● Prompt: Below is a listing. Set down exactly the lines from the one containing "2019. január 1-től" through the one containing "新しい漢字を勉強をしています", both ends included, and leave out the rest.

● Material supplied:
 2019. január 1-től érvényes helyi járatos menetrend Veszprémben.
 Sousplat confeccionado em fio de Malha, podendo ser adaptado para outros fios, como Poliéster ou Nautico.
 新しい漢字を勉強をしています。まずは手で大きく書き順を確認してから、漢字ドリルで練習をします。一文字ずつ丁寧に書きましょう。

...

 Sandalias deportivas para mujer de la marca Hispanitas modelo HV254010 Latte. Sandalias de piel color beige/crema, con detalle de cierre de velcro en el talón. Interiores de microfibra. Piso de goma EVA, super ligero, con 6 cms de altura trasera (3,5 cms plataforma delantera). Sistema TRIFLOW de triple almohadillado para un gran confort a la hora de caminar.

● Output of the exercise:
 2019. január 1-től érvényes helyi járatos menetrend Veszprémben.
 Sousplat confeccionado em fio de Malha, podendo ser adaptado para outros fios, como Poliéster ou Nautico.
 新しい漢字を勉強をしています。まずは手で大きく書き順を確認してから、漢字ドリルで練習をします。一文字ずつ丁寧に書きましょう。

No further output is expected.